You have lost track of the problem setup and the meanings of the variables.

[Larry Harson]

You're considering the case where the LHS is positive so that
|lhs| = lhs which looks fine to me. You're then using the restriction x > 0 on the rhs so eliminating the other possibility x < 0:

\frac{x-u}{1-ux/c^2}|= -x

That is: F' moves at velocity x > 0 in F while u' moves at velocity -x in F'. But the speeds |x| and |-x|are still the same.
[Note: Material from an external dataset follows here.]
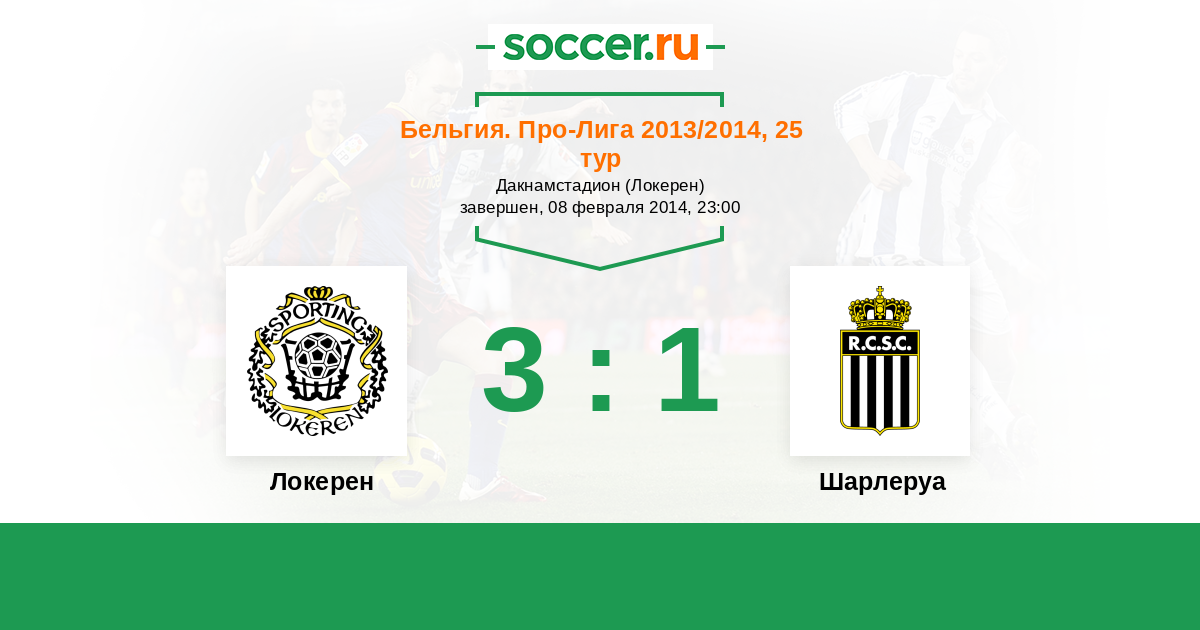 Бельгия. Про-Лига 09.03.2013 Локерен Логотип футбольный клуб Локерен 1:1 Логотип футбольный клуб Шарлеруа Шарлеруа

I agree with your solution for the case where u' moves with the same velocity as F'; but Rotchm was looking at speeds.

Larry Harson

[rotchm]

On Wednesday, August 16, 2017 at 10:05:22 PM UTC-4, Dono, wrote:

> > Recall that I asked you to show where in my "Bolzano's " proof,
> that I erred.
>
> I simply pointed out that your "Bolzano proof" is just hot air.

Thats not specifying which line or reasoning is wrong. It is just handwaving.

> This is a simple degree 2 equation.

Yes, and yet you failed miserably at solving it.
No matter the speed of the train, there is ALWAYS an inertial frame such that the train & track have the same speed, ALWAYS.

And using your nomenclature, the eqs |(u+x)/(1+ux)| = |x| ALWAYS has a non trivial solution for x, for any given |u| < 1.